# What you will do
Repeat everything from the first line of the listing below through the line that contains "BREMBO 09.9468.2X - Brzdový kotouč", exactly. Leave out pictures.

# Records for the task
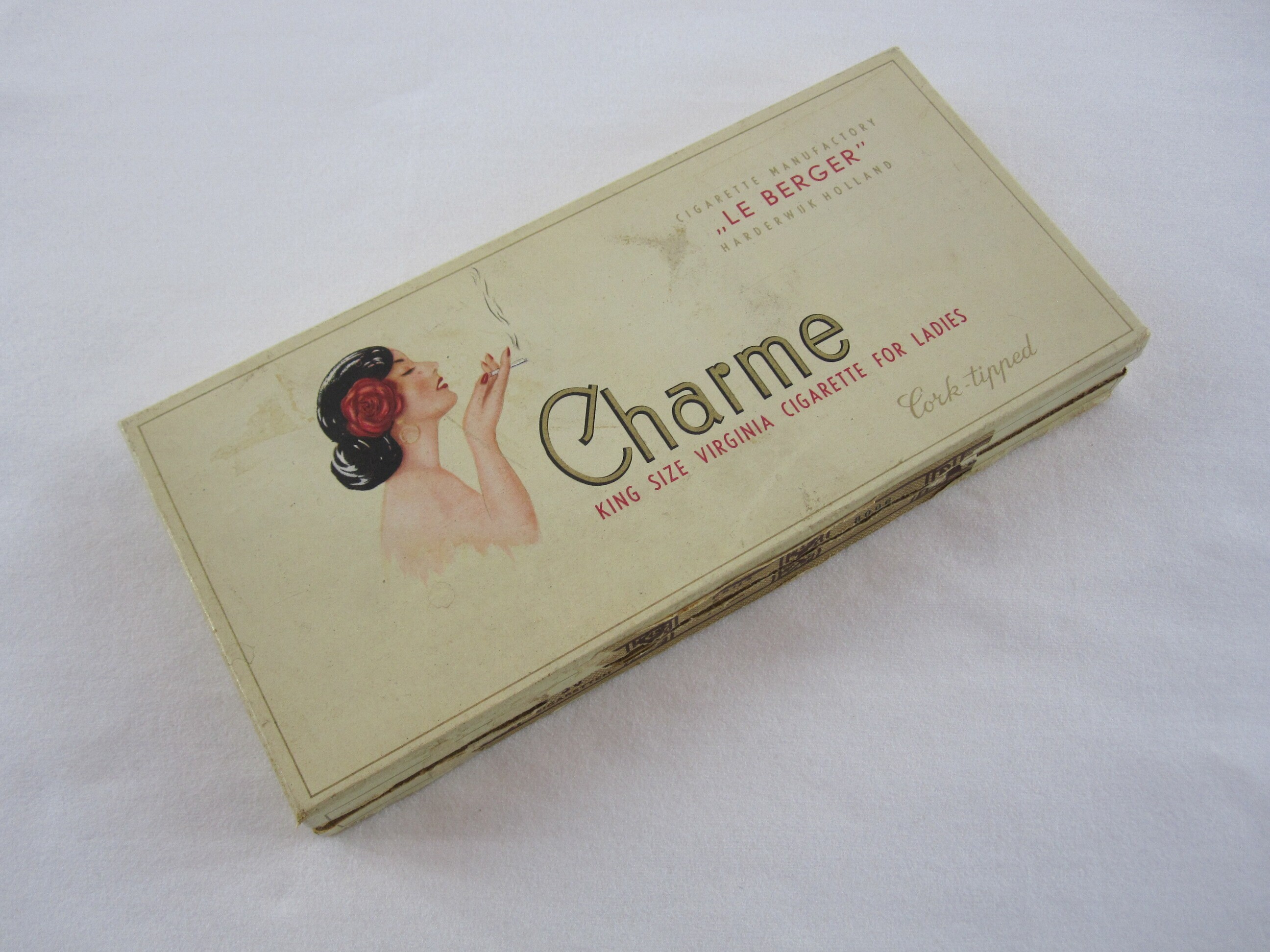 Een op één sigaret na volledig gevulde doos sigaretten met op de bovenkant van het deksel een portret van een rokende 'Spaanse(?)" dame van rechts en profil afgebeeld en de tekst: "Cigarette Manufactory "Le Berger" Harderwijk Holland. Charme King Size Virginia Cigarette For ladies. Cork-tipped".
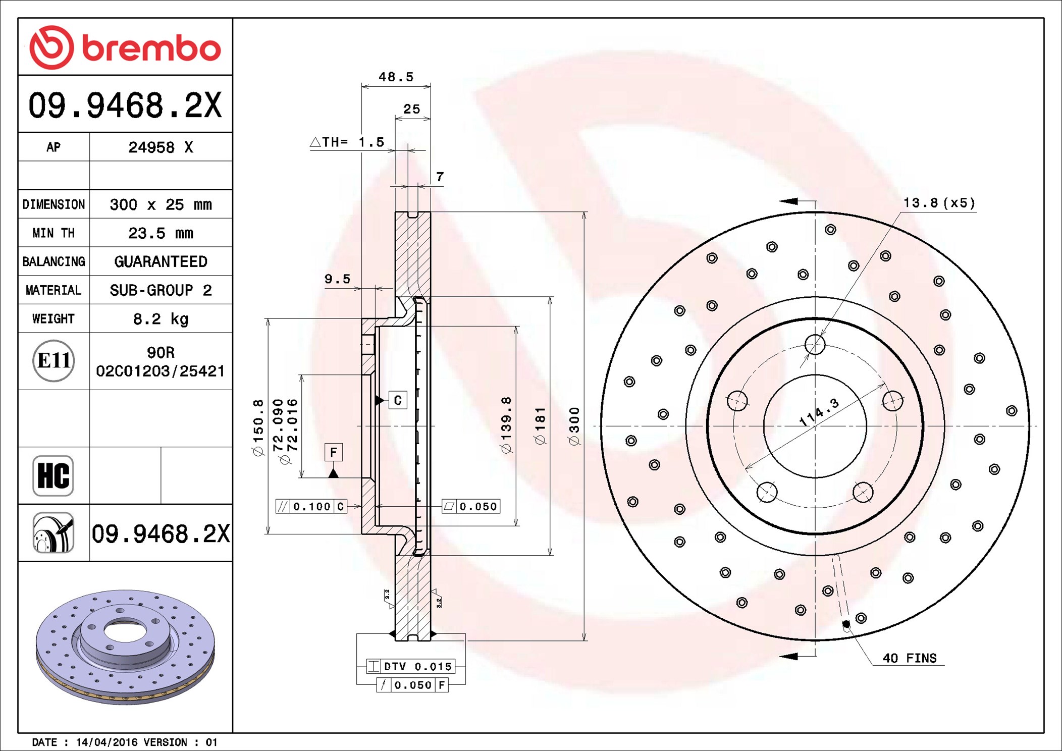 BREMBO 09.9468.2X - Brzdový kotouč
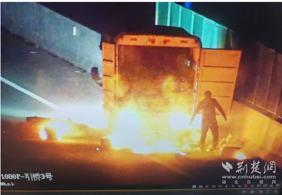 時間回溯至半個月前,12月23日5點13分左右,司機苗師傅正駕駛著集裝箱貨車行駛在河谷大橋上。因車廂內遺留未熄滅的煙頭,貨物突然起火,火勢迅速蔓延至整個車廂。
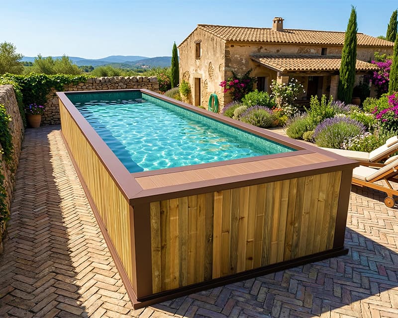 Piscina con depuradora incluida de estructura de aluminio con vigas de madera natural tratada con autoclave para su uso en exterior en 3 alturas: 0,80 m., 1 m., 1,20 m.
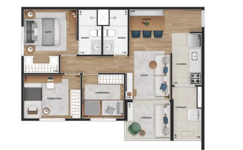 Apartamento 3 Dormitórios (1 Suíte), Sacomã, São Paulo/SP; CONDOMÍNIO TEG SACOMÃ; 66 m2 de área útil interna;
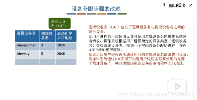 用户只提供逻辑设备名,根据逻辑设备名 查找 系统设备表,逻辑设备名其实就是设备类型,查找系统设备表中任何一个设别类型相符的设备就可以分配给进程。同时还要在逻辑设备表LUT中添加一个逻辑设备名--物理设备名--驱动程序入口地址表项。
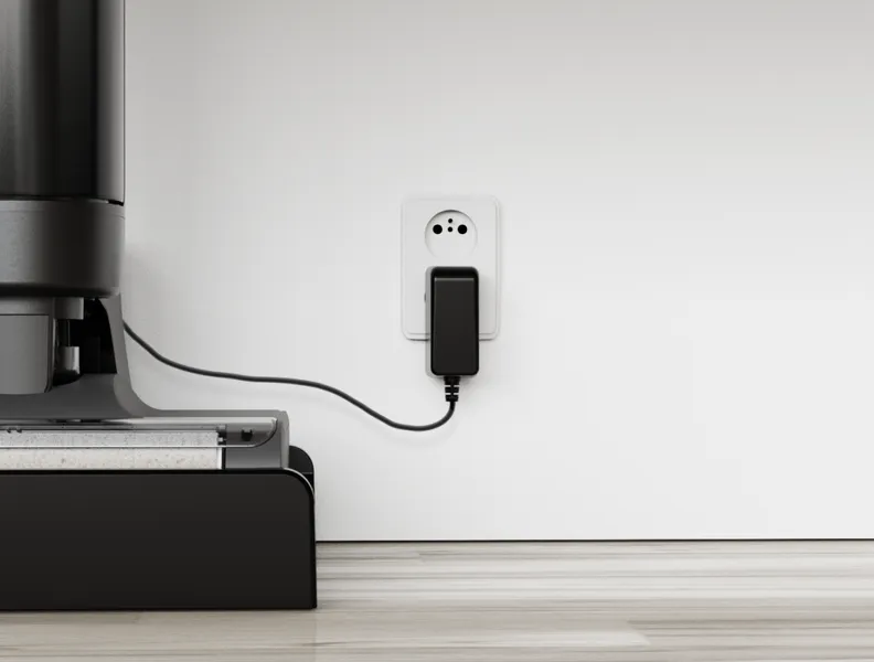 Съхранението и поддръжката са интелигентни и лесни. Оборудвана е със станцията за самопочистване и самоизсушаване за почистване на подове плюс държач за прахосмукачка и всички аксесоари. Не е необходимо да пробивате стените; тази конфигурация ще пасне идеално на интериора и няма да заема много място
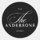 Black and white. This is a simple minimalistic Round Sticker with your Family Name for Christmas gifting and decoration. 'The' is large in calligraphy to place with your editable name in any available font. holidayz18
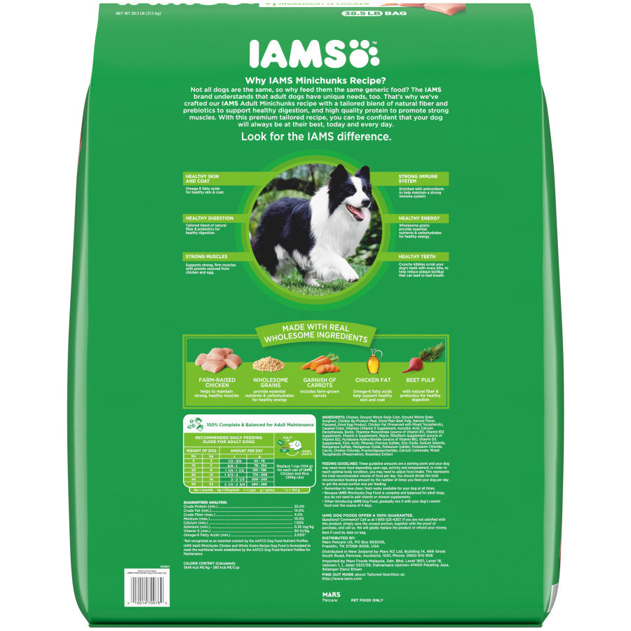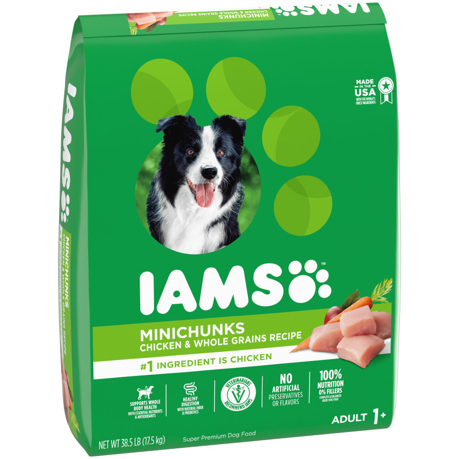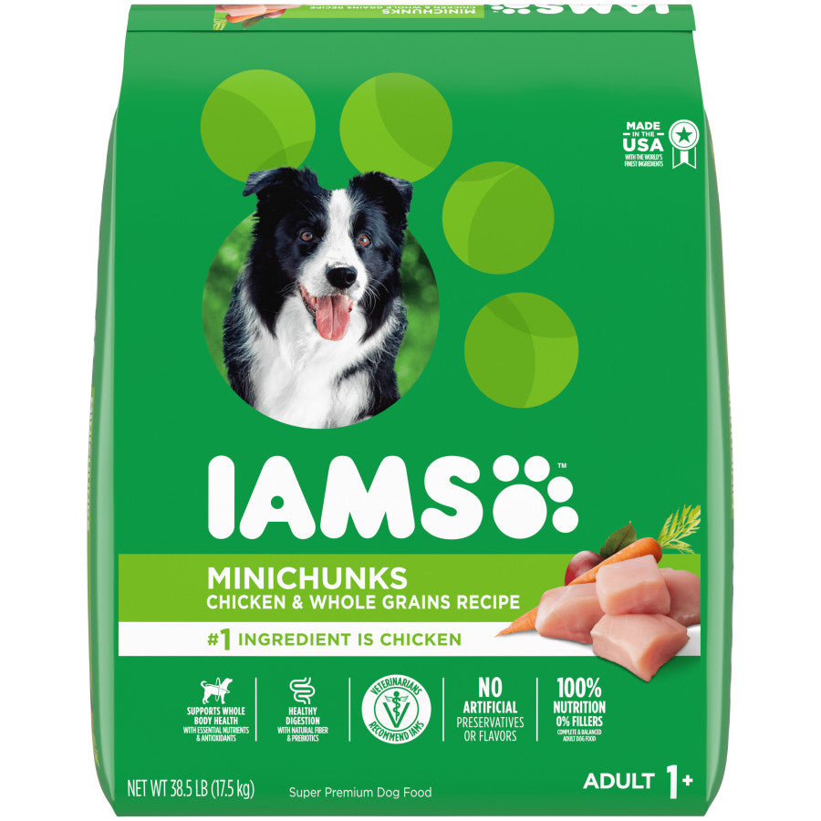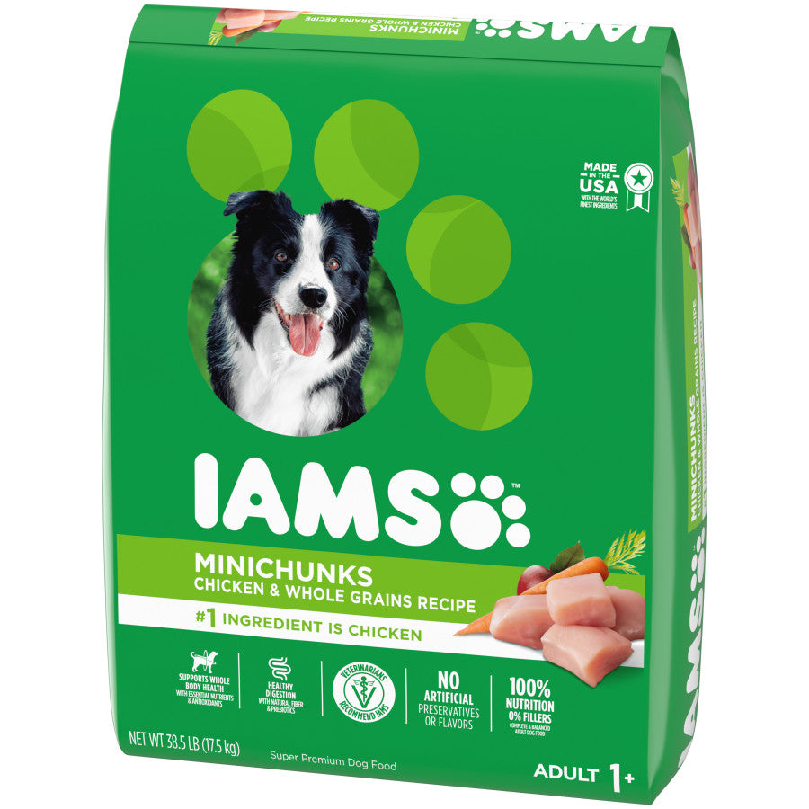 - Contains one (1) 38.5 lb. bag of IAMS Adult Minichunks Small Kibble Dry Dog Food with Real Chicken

# Exercise response
 Een op één sigaret na volledig gevulde doos sigaretten met op de bovenkant van het deksel een portret van een rokende 'Spaanse(?)" dame van rechts en profil afgebeeld en de tekst: "Cigarette Manufactory "Le Berger" Harderwijk Holland. Charme King Size Virginia Cigarette For ladies. Cork-tipped".
 BREMBO 09.9468.2X - Brzdový kotouč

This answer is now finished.